### [About this task]
Look for the line containing "Освещение и мощность: люстра" and the line containing "The red circle" in the entries below. Copy those two and all lines between them exactly, leaving out pictures.

### [Input data]
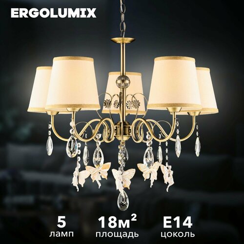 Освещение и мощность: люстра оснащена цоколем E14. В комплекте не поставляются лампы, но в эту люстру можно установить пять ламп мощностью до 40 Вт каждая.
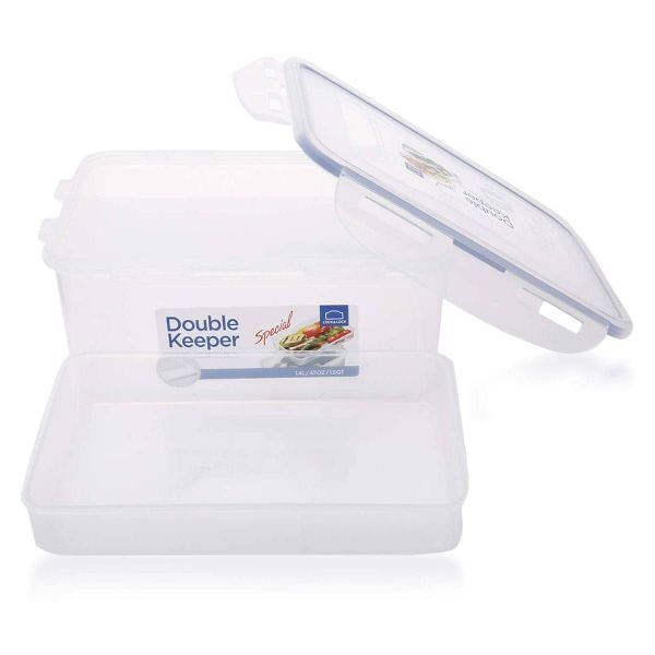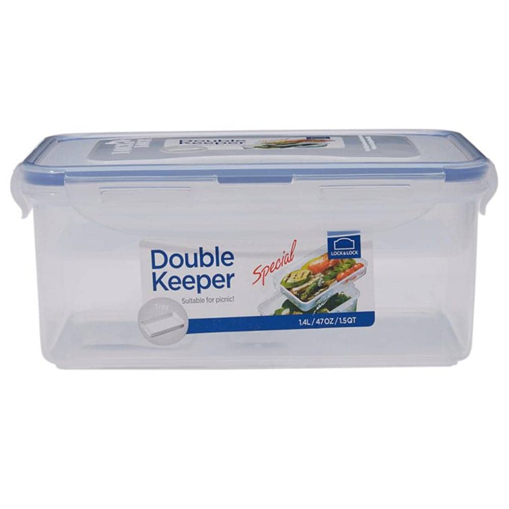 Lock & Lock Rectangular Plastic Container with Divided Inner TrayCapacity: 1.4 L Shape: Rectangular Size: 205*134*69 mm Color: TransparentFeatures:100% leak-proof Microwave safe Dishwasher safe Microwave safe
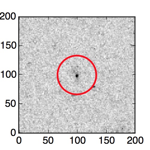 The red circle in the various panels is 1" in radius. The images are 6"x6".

--

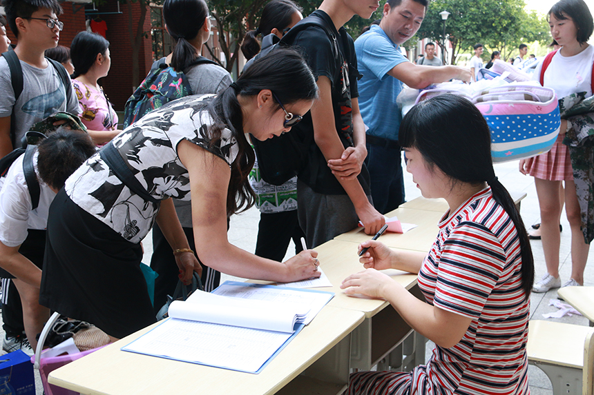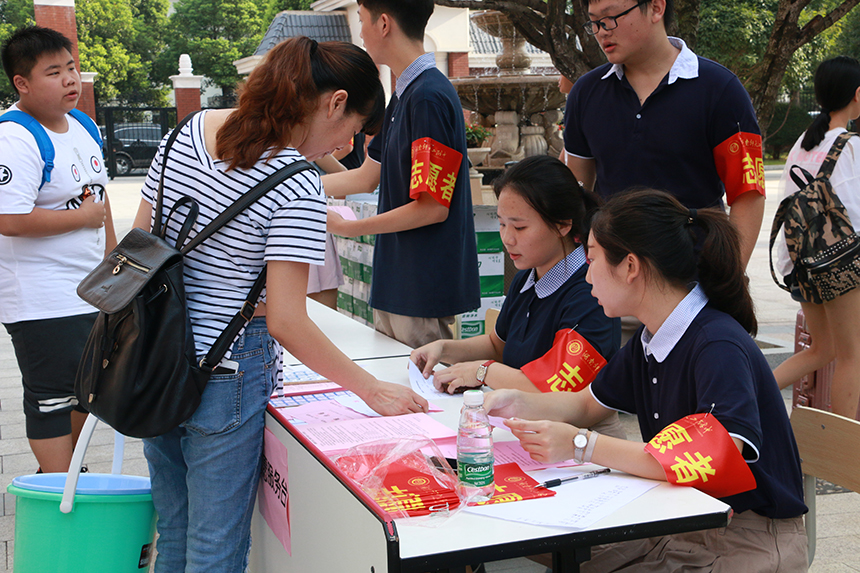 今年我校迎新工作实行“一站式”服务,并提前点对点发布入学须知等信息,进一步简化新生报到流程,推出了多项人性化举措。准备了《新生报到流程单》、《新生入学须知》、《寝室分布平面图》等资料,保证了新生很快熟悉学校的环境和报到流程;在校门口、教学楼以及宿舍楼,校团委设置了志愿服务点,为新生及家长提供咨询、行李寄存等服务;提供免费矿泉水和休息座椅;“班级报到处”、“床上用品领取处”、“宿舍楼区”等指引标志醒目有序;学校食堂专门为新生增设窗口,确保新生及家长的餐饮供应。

### [Result of the task]
 Освещение и мощность: люстра оснащена цоколем E14. В комплекте не поставляются лампы, но в эту люстру можно установить пять ламп мощностью до 40 Вт каждая.
 Lock & Lock Rectangular Plastic Container with Divided Inner TrayCapacity: 1.4 L Shape: Rectangular Size: 205*134*69 mm Color: TransparentFeatures:100% leak-proof Microwave safe Dishwasher safe Microwave safe
 The red circle in the various panels is 1" in radius. The images are 6"x6".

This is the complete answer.